Sterling has been well supported since higher-than-forecast UK inflation data this month caused investors to bring forward expectations for when the BoE will raise rates. However now that it looks like there is less chance of a hike any time soon, the Pound fell and exchange rates dropped.
As I mentioned in the intro, there was also tough talk from the ECB president about keeping inflation in check. This may mean an interest rate hike in the EU before the UK and so the Euro gained strength, compounding the fall in GBP/EUR rates.
UK GDP Growth figures today
The first estimate of 4th Quarter GDP will be released today and analysts expect growth to have slowed as a harsh winter is likely to have hurt construction activity and the service sector.

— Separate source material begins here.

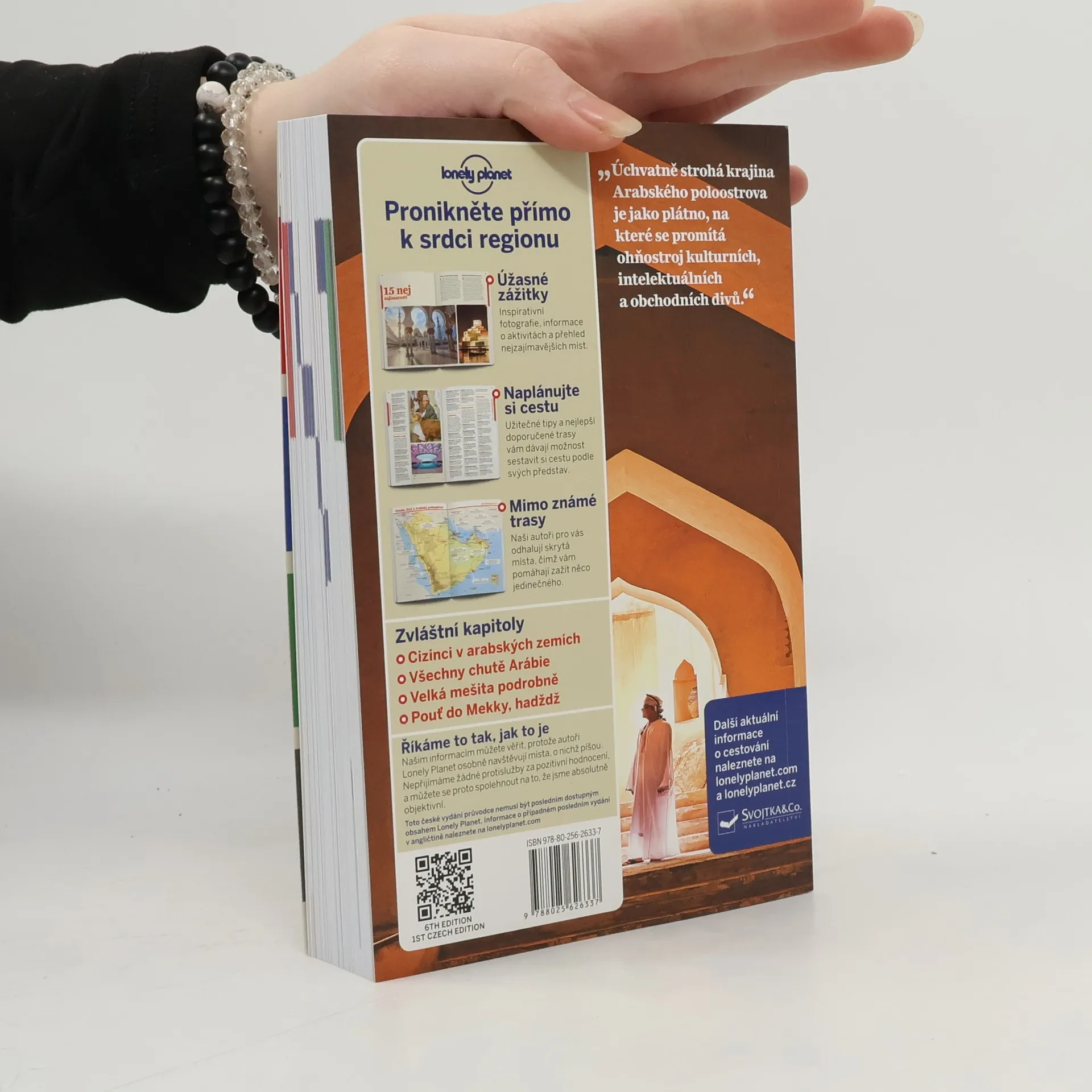 Úchvatně strohá krajina Arabského poloostrova je jako plátno, na které se promítá ohňostroj kulturních, intelektuálních a obchodních divů. Průvodce pokrývá tyto státy: Bahrajn, Kuvajt, Omán, Katar, Saúdská Arábie, Spojené arabské emiráty, Jemen S tímto průvodcem z proslulé edice Lonely Planet se dostanete přímo k srdci regionu! Úžasné zážitky inspirativní fotografie, informace o aktivitách a nejzajímavější místa Naplánujte si dokonalý výlet užitečné tipy na cestu a nejlepší navrhované trasy vám dávají možnost sestavit si cestu podle vlastních představ Mimo vyšlapané cesty naši autoři pro vás odhalují skrytá místa, čímž vám pomáhají zažít něco jedinečného a neopakovatelného Tipy na hotely, outdoorové aktivity, pozorování divočiny a další zasvěcené informace Zvláštní kapitoly: Cizinci v arabských zemích Všechny chutě Arábie Velká mešita podrobně Pouť do Mekky, hadždž Říkáme to tak, jak to je Našim informacím můžete věřit, protože autoři Lonely Planet osobně navštěvují místa, o nichž píšou, a při sběru informací pro každé nové vydání se k nim vracejí znovu. Nepřijímáme žádné protislužby za pozitivní hodnocení a můžete se spolehnout na to, že jsme objektivní.

“With public finance data also due out the same day, traders will have a lot to digest in relation to the pound and its recent gains,” said Michael Hewson, analyst at CMC Markets. “It could well be an interesting week for sterling.”
The GDP figures, due to be released at 09:30am, are expected to show growth of between 0.2% and 0.6% in the three months up to December.
Howard Archer, chief UK and European economist at IHS Global Insight, said there was considerable uncertainty over how much December’s severe weather hit overall activity.
As a result, the range of forecasts is wide, from 0.2% to 0.6%. The “consensus figure”, drawn from a range of forecasters, is that the Office for National Statistics (ONS) will announce a 0.4% increase in growth in the fourth quarter.
If the figure is less than this then we expect Sterling to fall sharply. Of course any surprise increase in the figure and this may support the pound, but in our view there is more chance of worse than expected figures, and so the recent upwards trend in Sterling exchange rates could be reversed and the recent highs we hit vs the Euro and US Dollar may not be seen again for some time.
Today’s Data in full
The most important UK figure today is the Gross Domestic Product. This is a broad measure of economic activity and shows if the UK economy is growing in line with forecasts. It often creates some volatility for Sterling. Later in the day we have some Consumer Confidence figures from the USA.